Fish at Brutalisten, a restaurant in Stockholm Sweden.

Can you describe a typical evening here? 

"We are an à la carte restaurant with many different dishes and ingredients, where you decide how you want to eat. You choose the dishes you want and the order in which you want them to be served. We create a palette of flavours and ingredients, and everything is up to the guests themselves. I think that's nice."

What an evening is like here will naturally depend on the clientele, Stefan points out. Some days it's quiet, while on others there's a real party atmosphere. As for the restaurant's popularity, he doesn't have a good explanation, but believes it's because Brutalisten is different from everything else. The food makes you think. It's a bit strange and new.

"Also, Carsten is very fond of Congolese music, which is delicious and dynamic music. So, it's Carsten's ideas, input, lots of food - grilling, serving Swedish wines, and the evenings being an overall beautiful mix of the whole package that I find special."

What's Carsten Höller like?

"He's incredibly enriching, fun, and open-minded. He's good with food and ingredients, and if he experiences something, he can ask if we can do it. For example, he might come and ask what happens if we let a squid lie in its own stomach acid for three days? Or he might bring in a wild goose that a friend has hunted and ask: what can we make from it? Carsten gets everyone around him to think differently, and he is constantly inspiring us," Stefan explains.

Stefan Eriksson, chef at Brutalisten, standing outside the restaurant in Stockholm Sweden.

But what does art actually have to do with food?

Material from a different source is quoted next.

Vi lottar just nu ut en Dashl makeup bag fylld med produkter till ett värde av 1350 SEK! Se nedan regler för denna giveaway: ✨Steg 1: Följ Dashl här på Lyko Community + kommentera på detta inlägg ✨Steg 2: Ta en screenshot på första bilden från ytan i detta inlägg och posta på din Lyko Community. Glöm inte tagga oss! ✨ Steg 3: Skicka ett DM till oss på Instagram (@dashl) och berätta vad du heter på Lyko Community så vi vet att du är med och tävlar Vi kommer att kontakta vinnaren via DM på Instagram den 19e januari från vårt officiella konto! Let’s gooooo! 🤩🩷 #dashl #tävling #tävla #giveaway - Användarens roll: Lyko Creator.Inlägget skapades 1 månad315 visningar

"Well... that's a good question. I recently read that 'art makes one think for oneself'' and I like that idea. Art allows you to take many paths and do things in different ways. And this can be connected to food because it's often so confined and people forget to think for themselves. We tend to follow what we see on Instagram or create dishes based on the ingredients available from the big suppliers, without really thinking," Stefan explains, before continuing:

"And that's where we conceptual art plays in – the idea that I like to cook based on a concept. The Brutalist Kitchen is precisely that: take an idea and a way of thinking and see what happens. I love that!"

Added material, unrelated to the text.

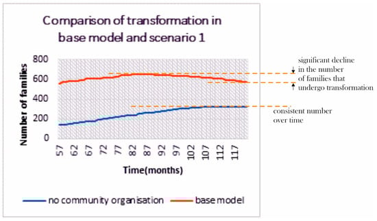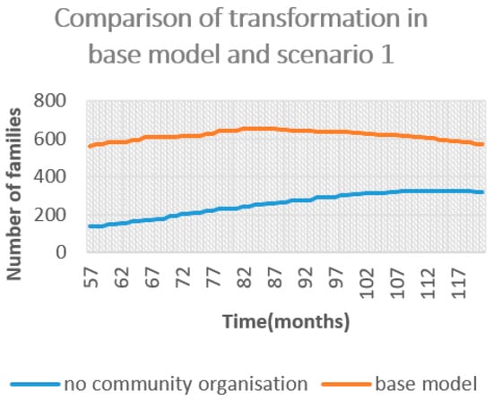 The base model results show an initial increase in the number of families that transition into the new normal state (transformation) followed by a gradual decline in the numbers. An inference can be drawn from this in relation to the complexities of the transformation process. Many factors contribute to the transformation of agents; however, these factors either became unavailable or the agents, CBOs, or governments were unable to sustain the initial momentum observed in the model results.

While Stefan has been chatting with us, we have been served both meat and fish, and we also received a friendly tip from the waiter with a smile: You have to ask outright: "What the hell are we eating?"

  • About the menu at Brutalisten

    We actually did have to ask.

  • There is dry-aged fish on one plate and beef with broth from the ox bone, complemented by a caramelised cheese sauce, on another.

  • Our conclusion was that this is food that is just as Stefan described it: quirky, extremely dedicated, Nordic, and homemade.

  • Familiar flavours from the sea and the dairy, but much, much better tastes.

  • Intense and pure. Thought-provoking.

About Carsten Höller

  • Born in 1961 in Belgium

  • Works and lives in Stockholm, Sweden

  • Carsten Höller is best known for "Test Site", a series of giant slides for Tate Modern's Turbine Hall, Amusement Park, which is an installation of full-sized carousels moving at a slow pace at MASS MoCA in North Adams, Massachusetts. In 2015 he created Decision at Hayward Gallery, where the building was transformed into an experimental journey with two entrances and four exits – two of the exits were slides.

  • Carsten Höller has a background as a researcher and his art examines scientific curiosity and human behaviour.